*** Opening Dataset content ***
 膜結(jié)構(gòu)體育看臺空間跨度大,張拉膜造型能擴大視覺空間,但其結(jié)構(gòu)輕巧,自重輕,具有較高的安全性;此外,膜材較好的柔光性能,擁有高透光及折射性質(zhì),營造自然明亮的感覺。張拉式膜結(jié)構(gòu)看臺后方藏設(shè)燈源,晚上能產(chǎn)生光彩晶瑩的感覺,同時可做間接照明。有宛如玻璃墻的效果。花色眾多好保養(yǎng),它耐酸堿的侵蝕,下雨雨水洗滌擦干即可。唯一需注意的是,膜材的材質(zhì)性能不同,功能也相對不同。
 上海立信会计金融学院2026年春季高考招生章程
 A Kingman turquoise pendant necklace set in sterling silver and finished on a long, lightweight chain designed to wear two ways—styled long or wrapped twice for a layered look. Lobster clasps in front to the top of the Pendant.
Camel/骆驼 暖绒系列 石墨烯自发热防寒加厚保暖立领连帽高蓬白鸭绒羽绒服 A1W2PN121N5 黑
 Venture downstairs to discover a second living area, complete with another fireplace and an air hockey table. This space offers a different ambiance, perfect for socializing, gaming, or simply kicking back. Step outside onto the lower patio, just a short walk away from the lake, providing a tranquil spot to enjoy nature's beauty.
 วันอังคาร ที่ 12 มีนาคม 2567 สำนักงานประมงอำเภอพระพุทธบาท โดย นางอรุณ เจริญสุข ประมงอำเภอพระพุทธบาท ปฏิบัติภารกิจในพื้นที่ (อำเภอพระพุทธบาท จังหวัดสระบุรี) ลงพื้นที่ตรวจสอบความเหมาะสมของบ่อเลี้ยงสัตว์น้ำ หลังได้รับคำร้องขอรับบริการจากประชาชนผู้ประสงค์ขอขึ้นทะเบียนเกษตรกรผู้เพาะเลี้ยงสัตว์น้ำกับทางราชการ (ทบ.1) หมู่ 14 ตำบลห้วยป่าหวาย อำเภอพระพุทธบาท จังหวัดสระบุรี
*** Closing Dataset content ***
▸ Aim of the exercise
Go through the material and write each line out again exactly.

▸ Response
 膜結(jié)構(gòu)體育看臺空間跨度大,張拉膜造型能擴大視覺空間,但其結(jié)構(gòu)輕巧,自重輕,具有較高的安全性;此外,膜材較好的柔光性能,擁有高透光及折射性質(zhì),營造自然明亮的感覺。張拉式膜結(jié)構(gòu)看臺后方藏設(shè)燈源,晚上能產(chǎn)生光彩晶瑩的感覺,同時可做間接照明。有宛如玻璃墻的效果。花色眾多好保養(yǎng),它耐酸堿的侵蝕,下雨雨水洗滌擦干即可。唯一需注意的是,膜材的材質(zhì)性能不同,功能也相對不同。
 上海立信会计金融学院2026年春季高考招生章程
 A Kingman turquoise pendant necklace set in sterling silver and finished on a long, lightweight chain designed to wear two ways—styled long or wrapped twice for a layered look. Lobster clasps in front to the top of the Pendant.
Camel/骆驼 暖绒系列 石墨烯自发热防寒加厚保暖立领连帽高蓬白鸭绒羽绒服 A1W2PN121N5 黑
 Venture downstairs to discover a second living area, complete with another fireplace and an air hockey table. This space offers a different ambiance, perfect for socializing, gaming, or simply kicking back. Step outside onto the lower patio, just a short walk away from the lake, providing a tranquil spot to enjoy nature's beauty.
 วันอังคาร ที่ 12 มีนาคม 2567 สำนักงานประมงอำเภอพระพุทธบาท โดย นางอรุณ เจริญสุข ประมงอำเภอพระพุทธบาท ปฏิบัติภารกิจในพื้นที่ (อำเภอพระพุทธบาท จังหวัดสระบุรี) ลงพื้นที่ตรวจสอบความเหมาะสมของบ่อเลี้ยงสัตว์น้ำ หลังได้รับคำร้องขอรับบริการจากประชาชนผู้ประสงค์ขอขึ้นทะเบียนเกษตรกรผู้เพาะเลี้ยงสัตว์น้ำกับทางราชการ (ทบ.1) หมู่ 14 ตำบลห้วยป่าหวาย อำเภอพระพุทธบาท จังหวัดสระบุรี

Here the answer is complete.